In a world where attacks move faster and businesses depend more heavily on data and AI-driven operations, resilience is a business requirement.  

What organizations should do next  

As organizations accelerate AI adoption, security must evolve just as quickly. The challenge is no longer simply protecting applications and networks. It is protecting the data at the source, move at speed, and recover when needed. 

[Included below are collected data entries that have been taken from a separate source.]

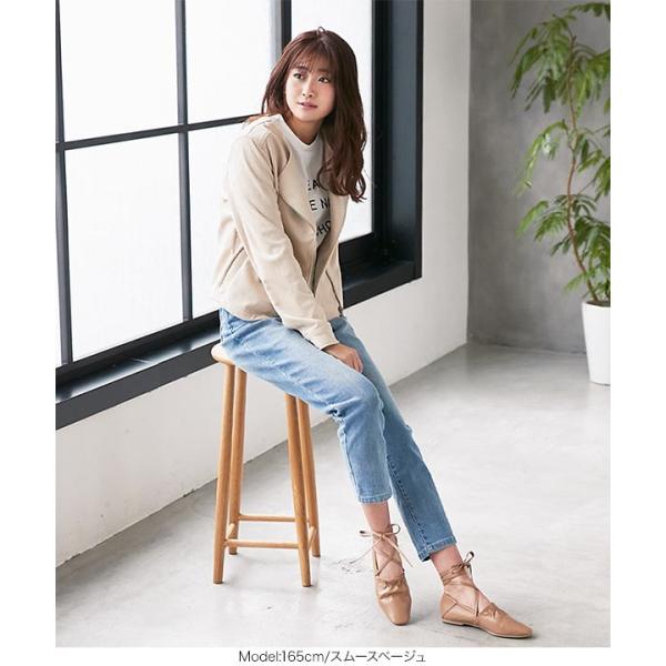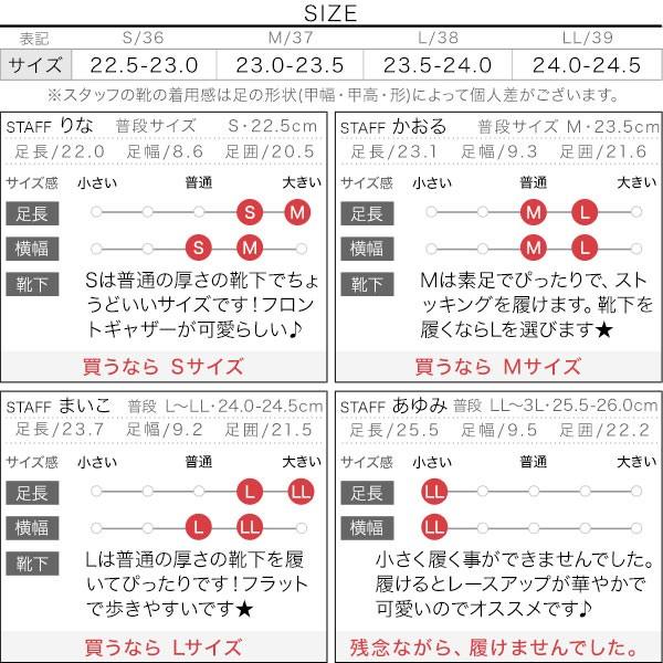 フロント部分のギャザーとレースアップがポイントのフラットシューズ。
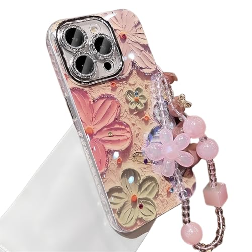 Rokmym Coque Compatible avec iPhone 13 Pro Max avec Perle Bracelet ,Coloré Vintage Peinture à l'huile Fleur Cas de Téléphone Case Antichoc Housse de Protection pour iPhone 13 Pro Max ,néroli
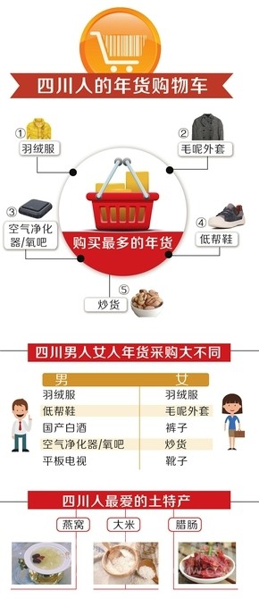 還有幾天就過年了,你們家買了哪些年貨?近日,電商平臺阿里巴巴和京東先后推出了年貨大數(shù)據(jù)。從這些數(shù)據(jù)中,我們能看到一個典型成都人的年貨網(wǎng)絡(luò)購物車是這樣的:購買最多的年貨還是衣服,其中羽絨服、毛呢外套是成都人的最愛;家電和電子產(chǎn)品愛買空氣凈化設(shè)備和玫瑰金iPhone7手機;食品是山核桃等炒貨,以及國產(chǎn)白酒。在女性偏好酒水消費的排名中,四川女性排名第五。

Organizations should take three practical steps today: 

  • Move to Autonomous AI Database where possible, whether on OCI, hyperscaler environments, or Cloud@Customer, and benefit from automated patching. 
  • Upgrade to a Long Term Support release (Oracle Database 19c or Oracle AI Database 26ai) and apply all release updates. It’s the best way to help limit exposure and maintain security across your database estate as threats evolve. 
  • Get and use your security and lifecycle management tools now. Theyare available at no cost for a limited time, or at a 90% discount on one-year term licenses*. We encourage all Oracle Database customers to immediately take advantage of these offers. 

AI has fundamentally changed the threat landscape. Attackers are moving faster. AI agents are creating new paths to enterprise data. And the business impact of disruption continues to grow.  

Organizations that succeed in this new environment will be those that secure data at the source, respond to threats at speed, and build resilience into every layer of their operations. 

Security must start where the risk lives: with the data itself.  

*Customer must have current, paid Support. Under the free or 90% off programs, Database Lifecycle and Exadata Management Packs, GoldenGate, GoldenGate Veridata, and Real Application Testing are available for the purposes of upgrading and patching only (the products can be used for other purposes but not under the free or 90% off programs).